I'll go with "yes" too. ;)

-ilike is the other operator I'd look at


Thanks,
Brian Desmond
[email protected]<mailto:[email protected]>

c - 312.731.3132

From: Michael B. Smith [mailto:[email protected]]
Sent: Friday, March 12, 2010 3:42 PM
To: NT System Admin Issues
Subject: RE: Powershell Question

I'm going to say "yes", but I'm still not exactly sure what you are going for 
there. Look at "-match", "findstr", and "select".

Regards,

Michael B. Smith
Consultant and Exchange MVP
http://TheEssentialExchange.com

From: Joseph L. Casale [mailto:[email protected]]
Sent: Friday, March 12, 2010 4:18 PM
To: NT System Admin Issues
Subject: Powershell Question

Hey guys,
I am converting a shell script into a ps script and need to parse a variable 
that holds the output of an executed job.
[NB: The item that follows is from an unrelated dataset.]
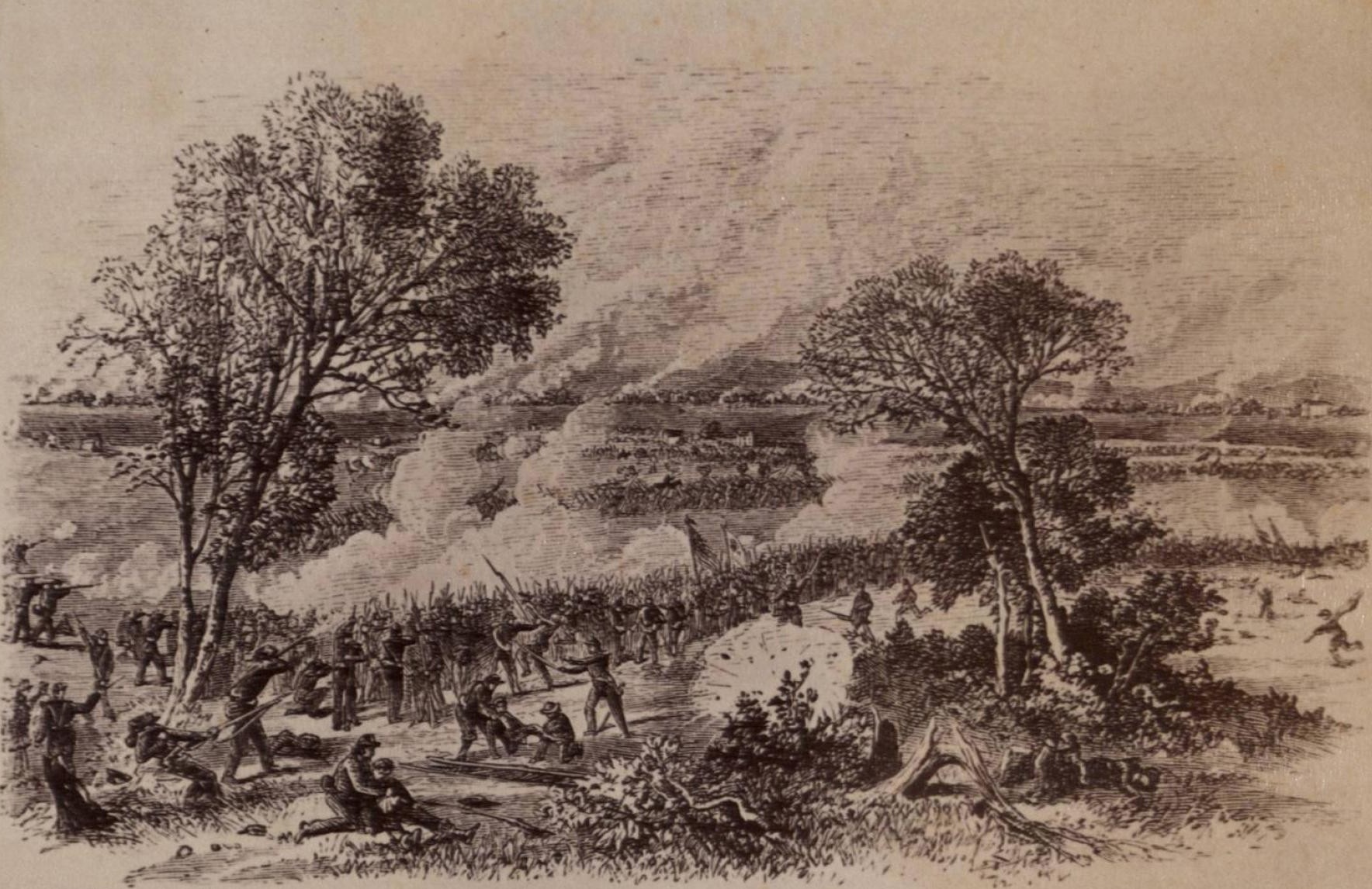 Units of the Union left flank firing into the right flank of the attacking Confederates during Pickett’s Charge on July 3, 1863.

at the cli (using unix tools) I do this:

grep -B 3 "some_string" |grep "another_string" |cut -f 5 -d " "

So basically, the output has many repetitions that have various fields 
different, when I find the one I want, I include 3 lines up and filter that 3rd 
up line to show what I want.

Is this possible using built in ps syntax?